Volviendo al análisis de los precios, el precio anual carga base de 2022 ha cerrado en 167,5 €/MWh, sin incluir el ajuste del gas, lo cual supone un nivel muy superior al máximo más reciente (2018: 57,3) y menos reciente (2008: 64,4). De hecho, las medidas paliativas establecidas desde 16 Sep 2021 (bajada de los Cargos del Sistema y del Impuesto Especial sobre la Electricidad) hasta 31Dic 2021 y las nuevas medidas del 31 Mar 2022, extendidas hasta 31 Dic 2022, y la actualización desde 1 ENE 2023 son insuficientes y en la mayoría de casos no favorecen a todas las industrias. Para evitar un palo mayor y como hemos estado en año de elecciones municipales y autonómicas, y nacionales (23JUL) se han extendido hasta 31 Dic 2023.
Los precios del pool ya estaban elevados antes del 24F/2022 (inicio conflicto Rusia-Ucrania), si bien la guerra y las sanciones contra Rusia han provocado un repunte mayor de los precios de todos los combustibles y mercados mayoristas, que han estado y siguen asfixiando a los minoristas, porque aún NO hemos bajado a niveles razonables para competir en un mercado globalizado, todo lo contrario, empieza a repuntar otra vez el coste del gas como antesala del invierno. La reactivación del conflicto en Gaza, por militares de Hamas contra civiles judíos, ha presionado al alza los precios internacionales del petróleo y del gas, pero al parecer han tocado máximos y han empezado a relajarse.

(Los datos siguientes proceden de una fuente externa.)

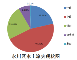 永川区属于重庆市水土保持区划中的渝西方山丘陵保土人居环境维护区,水土流失类型主要为水力侵蚀,局部地区存在重力侵蚀。根据《重庆市水土保持公报(2016年)》,永川区水土流失面积为299.78km2,占全区幅员面积的19.03%。其中轻度流失64.38km2,占流失面积的21.48%;中度流失138.78km2,占流失面积的46.29%;强度流失71.42km2,占流失面积的23.82%;极强度流失24.53km2,占流失面积的8.18%;剧烈流失0.67km2,占流失面积的0.22%,年平均土壤侵蚀量达25.31万t,侵蚀模数844t/km2.a。
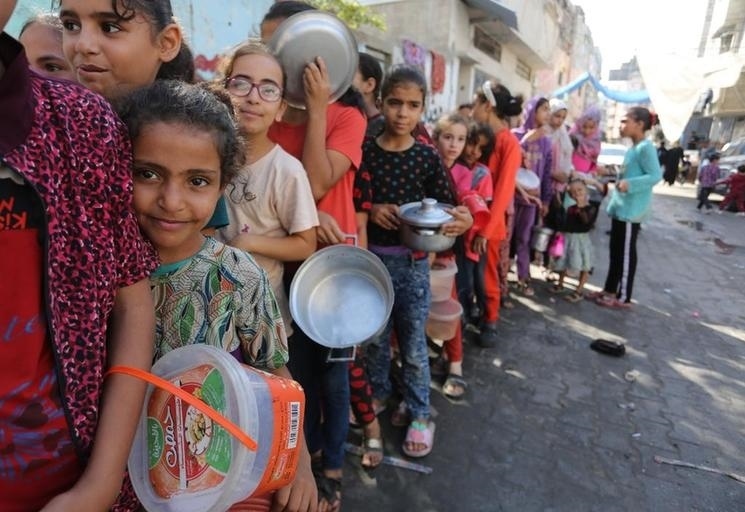 11月9日,在加沙地帶南部城市拉法,人們在一個臨時分發(fā)點(diǎn)排隊(duì)領(lǐng)取食物。新華社發(fā)(哈立德·奧馬爾攝)
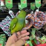 Hand fed Nanday Conure shy at first will need some work to get used to new owner.
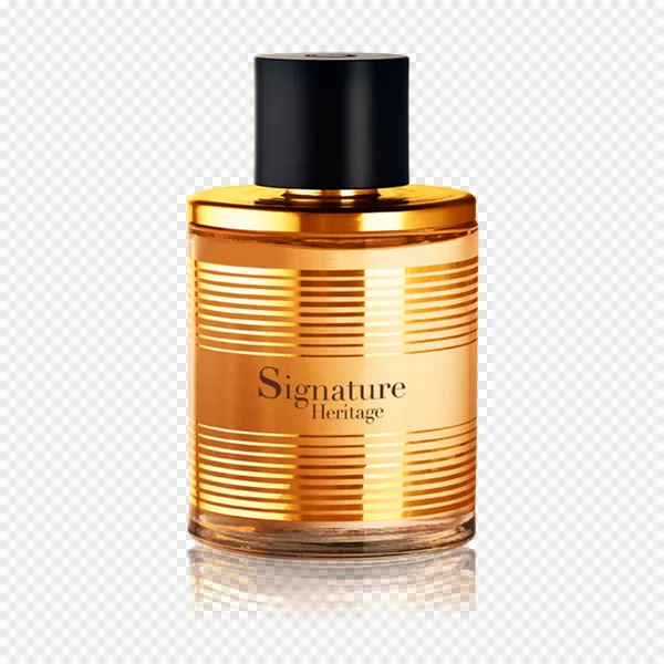 Elevate your designs with this stunning free PNG of a luxury gold perfume bottle. Featuring the elegant 'Signature Heritage' label, intricate horizontal stripes, and a sleek black cap, this high-quality image is perfect for showcasing premium fragrances. Download this transparent background PNG to enhance your product mockups, beauty blogs, marketing materials, or personal creative projects. Its sophisticated aesthetic makes it ideal for digital and print media, adding a touch of golden opulence to any design. Get your free download now!

De hecho, la estimación del Precio Spot, Carga Base (media aritmética de todas las horas del año) para 2023 se estima en 86,9 €/MWh, lo cual supone un decremento de -8,0% (-7,6 €/MWh) respecto al nivel previsto hace un mes (94,5 €/MWh). El futuro 2023 ha cotizado en contango respecto a 2020 con valores mínimo 39,9, medio 79,1 y máximo 351,0. El 2020 ha sido el mínimo del histórico (34,0 €/MWh) debido fundamentalmente al efecto de la pandemia Covid-19 (menor actividad económica/industrial, menor demanda, menor precio de los combustibles y CO2). Pero nadie se esperaba que en menos de tres años el precio anual se multiplicase por 5 veces y actualmente siga casi triplicado (+256%), sin incluir eventual ajuste del gas. Desde luego, la Comisión Europea ha tardado en concluir que los mercados de electricidad, CO2 y hubs de gas estaban totalmente descontrolados, sin tomar medidas eficaces, y seguimos en panorama crítico. Europa y ningún país se puede permitir el lujo de arruinar la poca industria que aún sigue sobreviviendo y hundir en la miseria energética a consumidores domésticos, PYMES, industrias, comercios y autónomos. Los diversos sectores de la economía están enfrentando una crisis presupuestaria sin precedentes con estos precios tan desmesurados. Ya no hay colchón, no hay posibilidades de supervivencia empresarial si los precios no vuelven a niveles razonables. Seguimos en un estado de emergencia energética. Si paseamos por cualquier calle, ya se aprecian locales cerrados, y muchas empresas están dejando de producir, hay escasez de productos manufacturados, inclusive en el sector farmacéutico. Pinta muy mal el medio plazo. Lo peor es que no se vislumbra un golpe en la mesa y medidas contundentes de nuestros gobernantes a nivel nacional y europeo. La esperanza es lo último que se pierde, pero si alguna solución llegase, será probablemente muy tarde para muchas empresas que no sobrevivirán a este proceso de precios energéticos fuera de control.
Las comercializadoras están asfixiadas por aumento de “pufos” (posiciones deudoras) de clientes morosos. Los bajos ratings (scoring) financieros están introduciendo ciertas dificultades en las renovaciones de contratos. En muchos casos, las aseguradoras no están cubriendo el riesgo de crédito o impago, y las comercializadoras no pueden asumir ese riesgo del todo. Podría inducirse o brindar apoyo financiero en ese sentido de parte del gobierno para no encarecer aún más el suministro a cliente final. Las comercializadoras en algunos países de nuestro entorno están empezando a cerrar sus operaciones y abren campañas de ventas sólo para ciertos segmentos de clientes preferentes. La situación comercial sigue de mal a peor.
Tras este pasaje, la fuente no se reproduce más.